How long must Haiti continue to suffer? Judging by events over the past few days, the answer is: for at least some more time to come.
After a number of delays, Haiti finally had its presidential and parliamentary elections on February 7. At first, things seemed hopeful, with the polling taking place peacefully. But then trouble started.
The leading candidate, Rene Preval, looked like he was on his way to securing a comfortable majority when things started getting murky. By February 14, with 90 percent of the votes counted, Preval had suddenly dropped in the vote count. His proportion of the vote currently stands at 48.7 percent, a tad short of the majority needed to avoid a runoff.
It is hard to say what exactly happened. But Preval’s abrupt drop off seems to be dubious, to say the least. And doubts about the vote are heightened by the fact that a member of the nine-person electoral council has come out and alleged fraud.
“According to me, there’s a certain level of manipulation,” Pierre Richard Duchemin told AP. “There is an effort to stop people from asking questions.”
Another official, Jean-Henoc Faroul, has also alleged deceit. “The electoral council is trying to do what it can to diminish the percentage of Preval so it goes to a second round,” Faroul, president of one electoral district, told AP.
Who would be behind the manipulation?
The suspicion falls on the interim government, headed by Gerard Latortue. Preval, a former head of state himself, is an ally of ousted President Jean-Bertrand Aristide. Twice elected president, Aristide remains very popular among the Haitian poor. And while his own record was not without serious blemishes, the Bush Administration had no right to encourage his overthrow. The interim government hates Aristide with a passion, and has jailed a number of people from his regime, including the prime minister under him. (Aristide is in exile in South Africa.)
“The long-term imprisonment of former Prime Minister Yvon Neptune continues to raise serious concerns” states Human Rights Watch. “Although formal charges were finally brought against Neptune in September 2005, the apparent political grounds for Neptune’s detention undermines confidence in the validity of the charges and in the fairness of any future trial.”

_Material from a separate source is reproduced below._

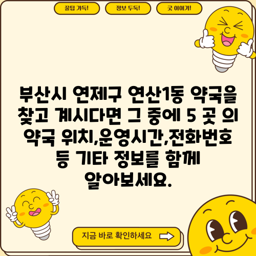 부산시 연제구 연산1동 약국을 찾고 계시다면 그 중에 5 곳 의 약국 위치,운영시간,전화번호 등 기타 정보를 함께 알아보세요.

Latortue appears determined to keep Aristide from coming to power, even by proxy.
“Preval was leading with 70-80 percent of the vote, and then there suddenly was this surge within a few minutes where his opponent, Leslie Manigat, got a huge number of votes,” says Larry Birns, director of the Council on Hemispheric Affairs. “Where were the election monitors? Were they inside the room or out in the streets?”
Washington is deeply implicated in the actions of the Latortue government, since it helped install it in 2004.
“An indictment can be brought against the United States for putting Latortue in power by extraconstitutional means,” says Birns. “He’s been both cruel and inept, a complete disaster. If there’s a Christ, then Latortue is the anti-Christ.”
But Washington is not interested in calling its protégé to task. In spite of budgeting $400-plus million in aid for the interim government in 2004-2005 (in marked contrast to its stinginess toward Aristide’s administration), it hasn’t even begun to address the grave human rights abuses that the government has been committing.
“After installing Latortue, Washington hasn’t had a word to say,” says Birns. “It pretends to not have anything to do with the regime.”
Condoleezza Rice issued a boilerplate statement on February 10 commending the high turnout and the “free and fair election process,” but has been quiet since then. Worried over possible turmoil, the Brazilian foreign minister, Celso Amorim, has called Rice to urge the U.N. Security Council—presided over by the United States this month—to take up the issue.
By failing to act quickly to ensure that the Haitian people are not denied their choice, the Bush Administration would mock its platitudes about democracy.